_TASK GOAL_
The answer should be a faithful retyping of the records that follow, pictures excluded.

_LISTED RECORDS_
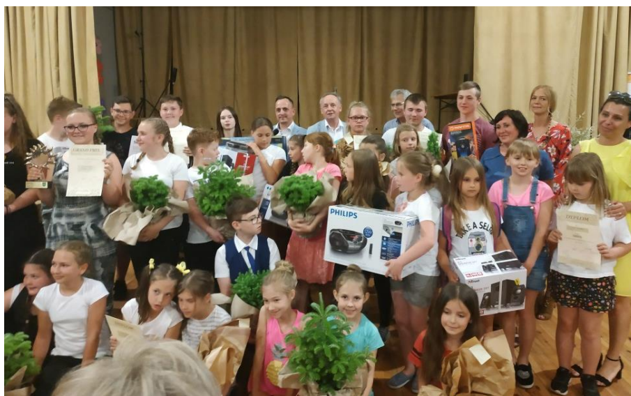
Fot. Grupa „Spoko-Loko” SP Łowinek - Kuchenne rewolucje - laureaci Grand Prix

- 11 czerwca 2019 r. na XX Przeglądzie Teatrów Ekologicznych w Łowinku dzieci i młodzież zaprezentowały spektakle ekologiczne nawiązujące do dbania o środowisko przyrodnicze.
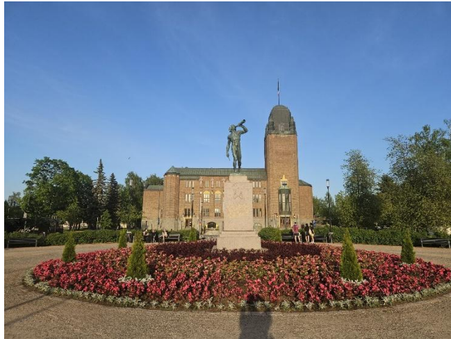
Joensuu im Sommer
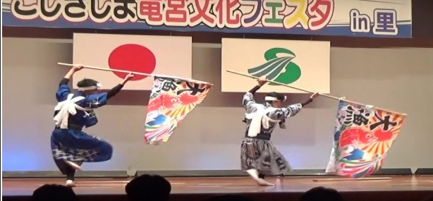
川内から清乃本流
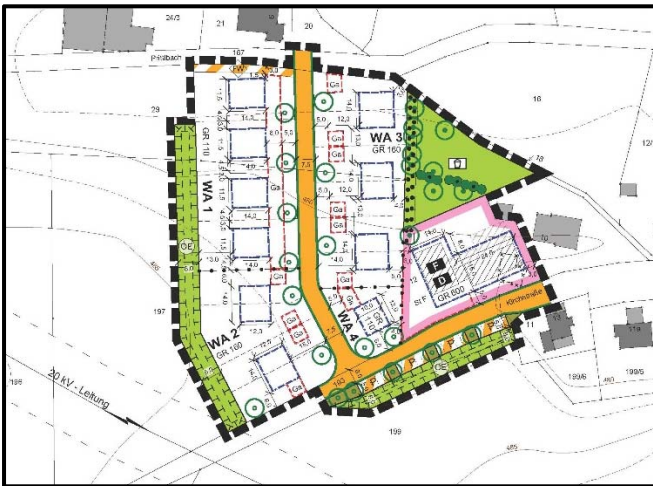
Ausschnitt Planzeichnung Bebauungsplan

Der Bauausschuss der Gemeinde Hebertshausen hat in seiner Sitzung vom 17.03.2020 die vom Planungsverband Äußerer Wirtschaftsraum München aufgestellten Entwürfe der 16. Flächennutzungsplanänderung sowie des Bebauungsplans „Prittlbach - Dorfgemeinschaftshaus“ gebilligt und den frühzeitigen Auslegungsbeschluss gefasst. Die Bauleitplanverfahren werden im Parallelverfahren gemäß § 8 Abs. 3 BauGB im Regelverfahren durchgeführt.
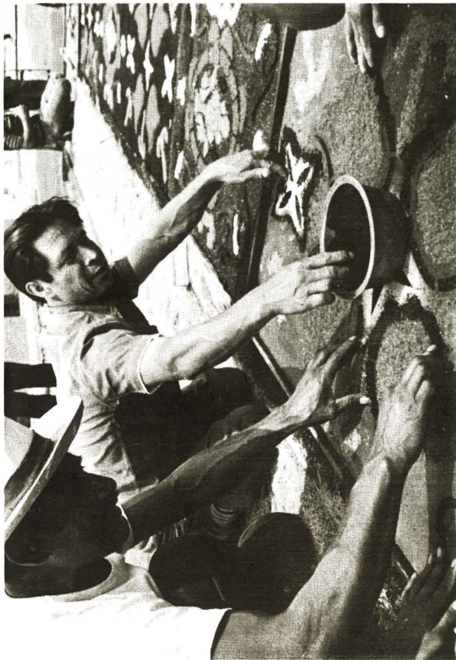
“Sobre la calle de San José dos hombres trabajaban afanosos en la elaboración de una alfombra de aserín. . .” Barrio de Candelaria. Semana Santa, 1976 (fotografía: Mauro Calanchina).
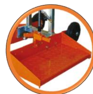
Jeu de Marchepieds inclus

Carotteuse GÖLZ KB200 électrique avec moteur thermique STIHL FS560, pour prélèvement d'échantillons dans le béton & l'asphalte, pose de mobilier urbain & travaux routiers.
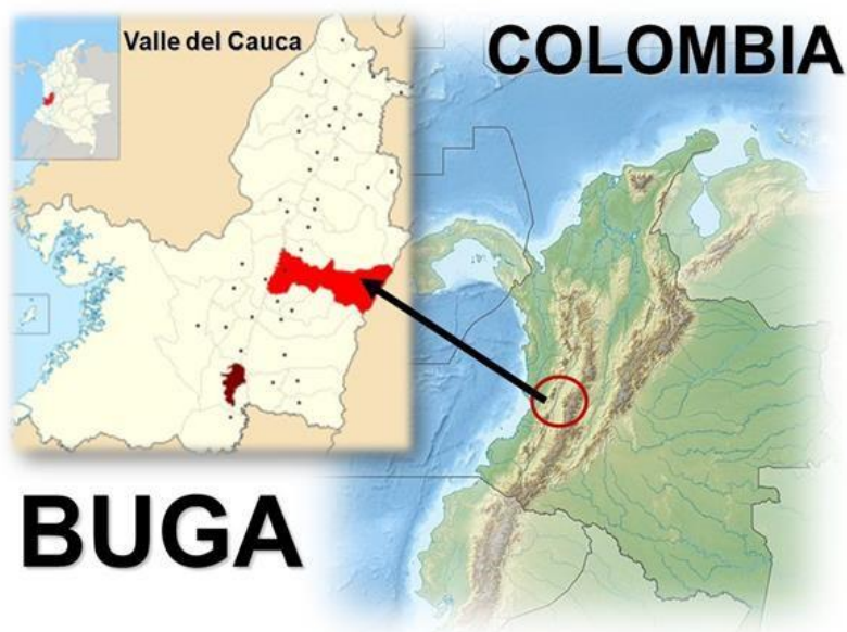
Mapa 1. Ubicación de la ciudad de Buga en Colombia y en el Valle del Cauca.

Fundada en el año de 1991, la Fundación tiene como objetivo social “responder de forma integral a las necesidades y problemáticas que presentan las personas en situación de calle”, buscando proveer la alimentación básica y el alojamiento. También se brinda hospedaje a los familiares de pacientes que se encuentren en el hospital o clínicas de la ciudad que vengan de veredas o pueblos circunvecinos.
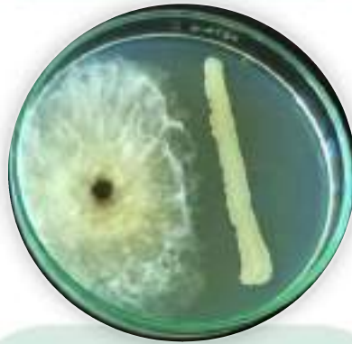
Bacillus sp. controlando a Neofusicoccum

_RESULT FOR THIS EXERCISE_
Fot. Grupa „Spoko-Loko” SP Łowinek - Kuchenne rewolucje - laureaci Grand Prix

- 11 czerwca 2019 r. na XX Przeglądzie Teatrów Ekologicznych w Łowinku dzieci i młodzież zaprezentowały spektakle ekologiczne nawiązujące do dbania o środowisko przyrodnicze.
Joensuu im Sommer
川内から清乃本流
Ausschnitt Planzeichnung Bebauungsplan

Der Bauausschuss der Gemeinde Hebertshausen hat in seiner Sitzung vom 17.03.2020 die vom Planungsverband Äußerer Wirtschaftsraum München aufgestellten Entwürfe der 16. Flächennutzungsplanänderung sowie des Bebauungsplans „Prittlbach - Dorfgemeinschaftshaus“ gebilligt und den frühzeitigen Auslegungsbeschluss gefasst. Die Bauleitplanverfahren werden im Parallelverfahren gemäß § 8 Abs. 3 BauGB im Regelverfahren durchgeführt.
“Sobre la calle de San José dos hombres trabajaban afanosos en la elaboración de una alfombra de aserín. . .” Barrio de Candelaria. Semana Santa, 1976 (fotografía: Mauro Calanchina).
Jeu de Marchepieds inclus

Carotteuse GÖLZ KB200 électrique avec moteur thermique STIHL FS560, pour prélèvement d'échantillons dans le béton & l'asphalte, pose de mobilier urbain & travaux routiers.
Mapa 1. Ubicación de la ciudad de Buga en Colombia y en el Valle del Cauca.

Fundada en el año de 1991, la Fundación tiene como objetivo social “responder de forma integral a las necesidades y problemáticas que presentan las personas en situación de calle”, buscando proveer la alimentación básica y el alojamiento. También se brinda hospedaje a los familiares de pacientes que se encuentren en el hospital o clínicas de la ciudad que vengan de veredas o pueblos circunvecinos.
Bacillus sp. controlando a Neofusicoccum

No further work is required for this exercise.